Data section

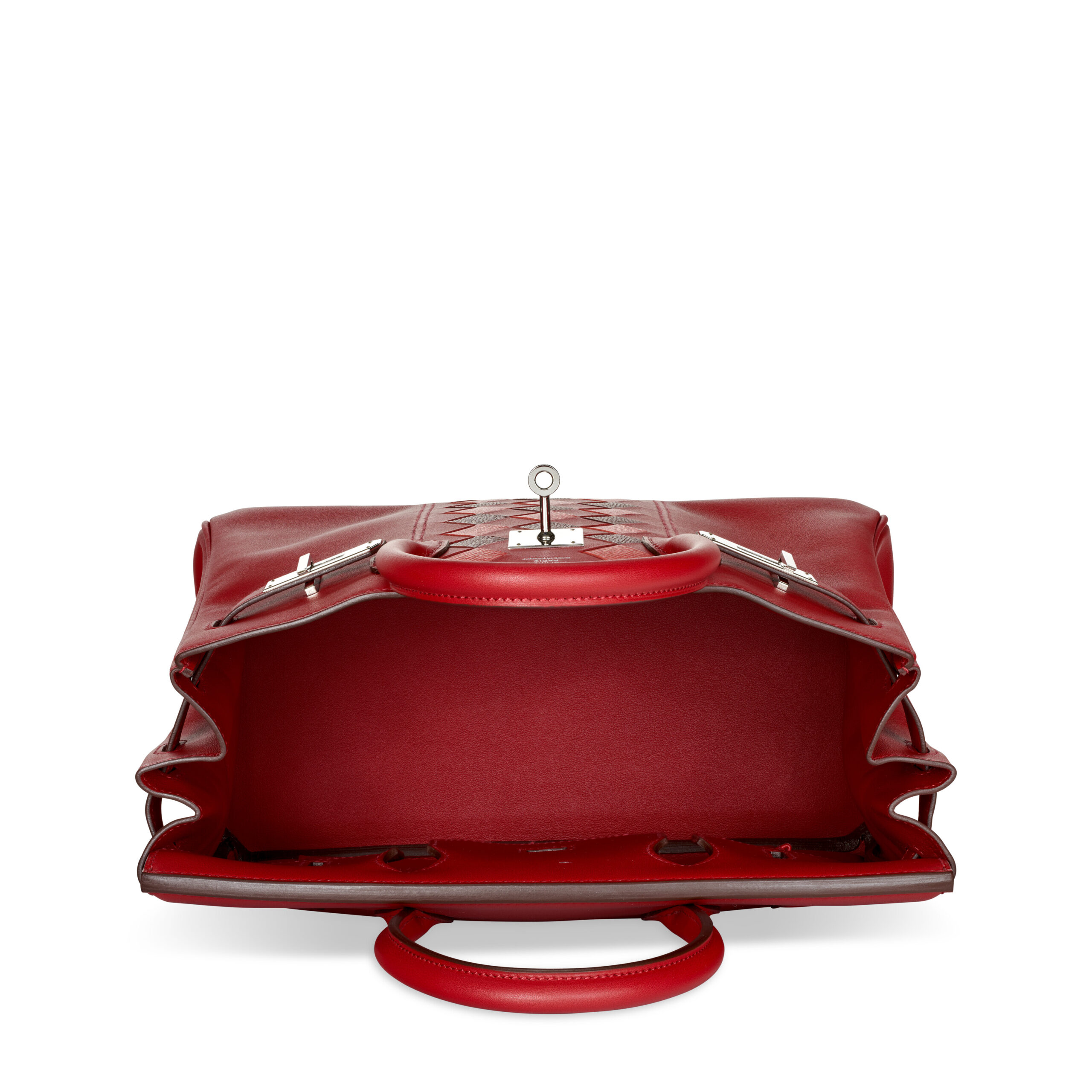 Crafted from the supple, fine-grained Swift leather and the structured, durable Epsom leather, this piece showcases a harmonious contrast that defines its unique character. The true marvel lies in the artisanal tressage—an intricate braiding technique performed by the most skilled artisans at the Hermès atelier. This meticulous handwork elegantly binds the three distinctive rouge hues, creating a dynamic, tactile border that frames the bag with unparalleled artistry. The cool, lustrous sheen of Palladium hardware provides a perfect, modern counterpoint to the warm, vibrant leathers, completing a look of sophisticated balance.
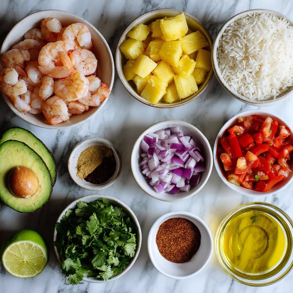 Add a generous scoop of rice as the base of your bowl. Arrange shrimp neatly on top, followed by pineapple salsa, guacamole or avocado slices, and any additional toppings like diced red onion or extra cilantro. Drizzle with a squeeze of lime.
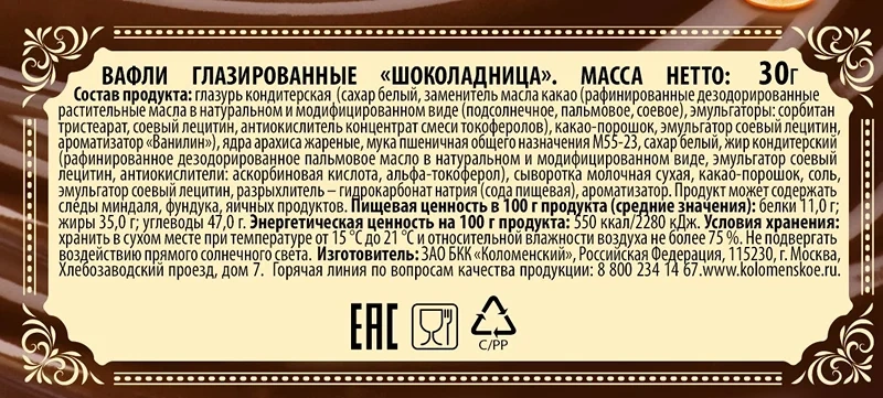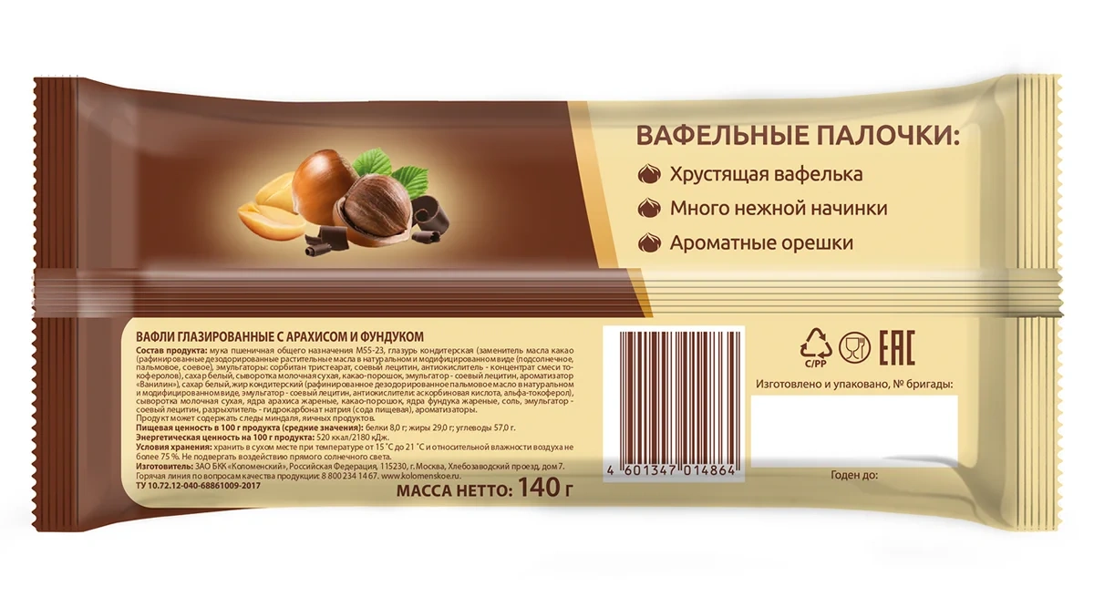 Вафли Коломенское Глазированные с арахисом и фундуком, 140г
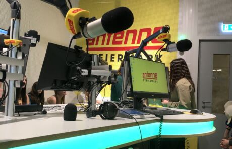 Einen Blick hinter die Kulissen warf die 6A im Rahmen von „Antenne Steiermark macht Schule“. Die Schüler:innen hatten die Gelegenheit, Radioluft zu schnuppern, in die Rolle von Moderator:innen zu schlüpfen und selbst im Radio zu sprechen. Mit Hilfe professioneller Anleitung und Unterstützung wagten sie sich mutig vor das Mikrofon und präsentierten ihren eigenen Beitrag.
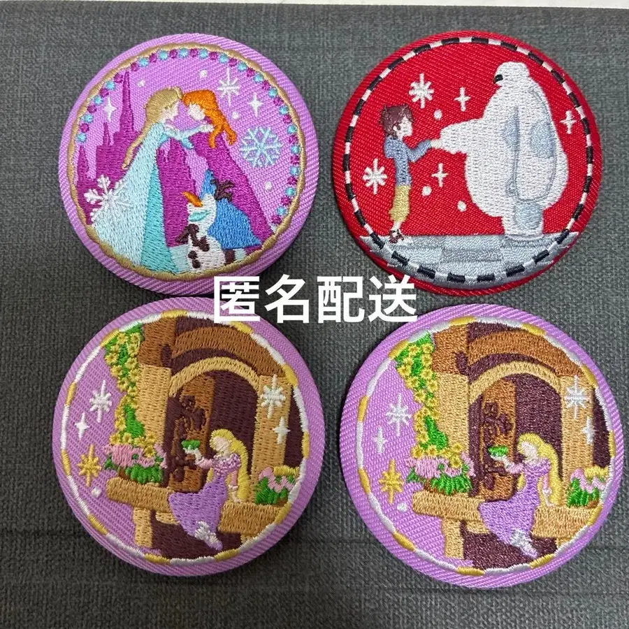 디즈니 자수 캔뱃지 베이맥스 안나 라푼젤 4개 세트
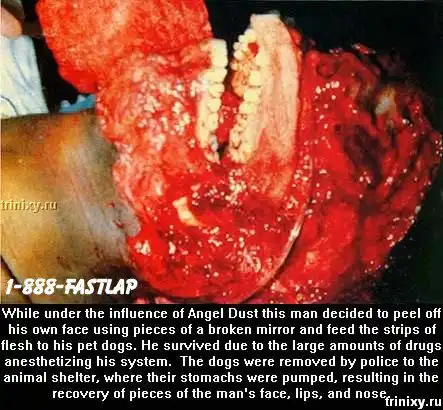 Он рассказывает про человека, который под действием наркотика PCP (ПиСиПи) срезает себе лицо и скармливает его своим собакам. Из-за большого количества наркотика в крови, он выживает.
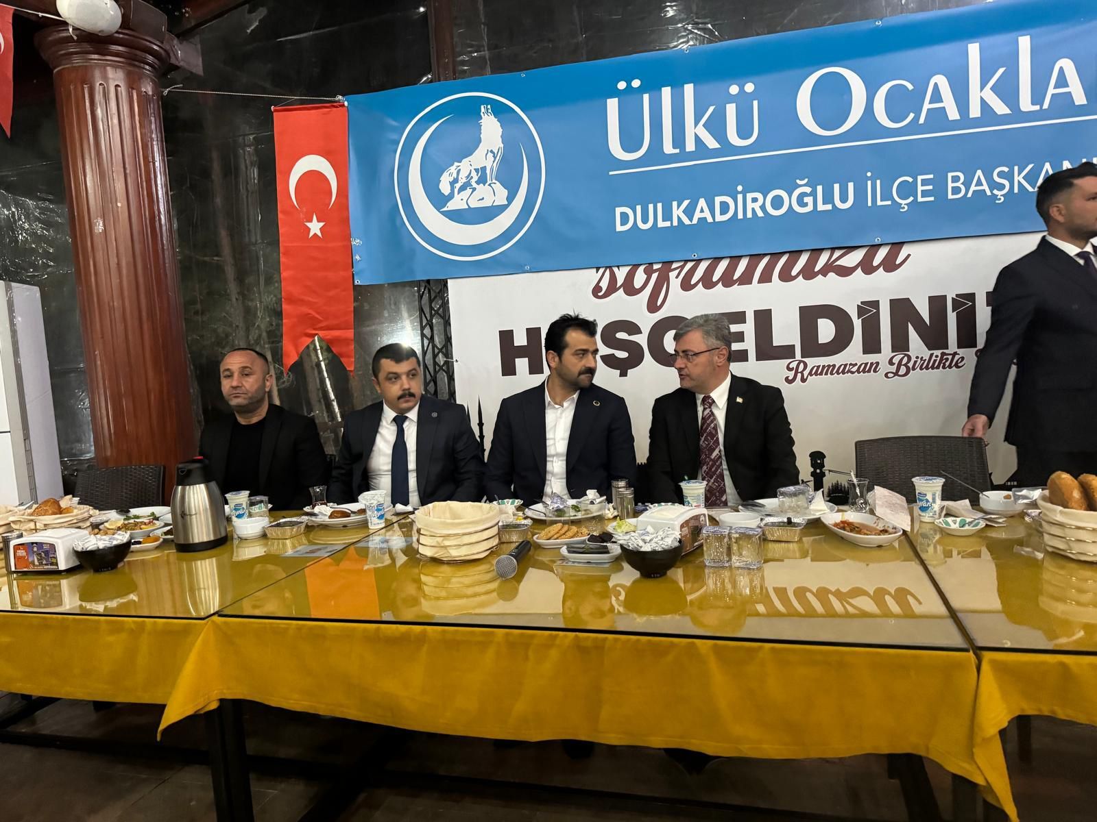 Dulkadiroğlu Ülkü Ocakları ev sahipliğinde gerçekleştirilen iftar programına çok sayıda davetli katıldı. Programa Ülkü Ocakları Kahramanmaraş İl Başkanı Ali Rıza Gedemenli, MHP Kahramanmaraş İl Başkanı Mansur Metehan ve MHP Dulkadiroğlu İlçe Başkanı Muhammet Paçacı da katıldı.

What you need to do
Return exactly the part of the listing above that opens with the line containing "Вафли Коломенское Глазированные" and closes with the line containing "디즈니 자수 캔뱃지 베이맥스 안나 라푼젤 4개 세트". Pictures stay out.

Worked solution
 Вафли Коломенское Глазированные с арахисом и фундуком, 140г
 Einen Blick hinter die Kulissen warf die 6A im Rahmen von „Antenne Steiermark macht Schule“. Die Schüler:innen hatten die Gelegenheit, Radioluft zu schnuppern, in die Rolle von Moderator:innen zu schlüpfen und selbst im Radio zu sprechen. Mit Hilfe professioneller Anleitung und Unterstützung wagten sie sich mutig vor das Mikrofon und präsentierten ihren eigenen Beitrag.
 디즈니 자수 캔뱃지 베이맥스 안나 라푼젤 4개 세트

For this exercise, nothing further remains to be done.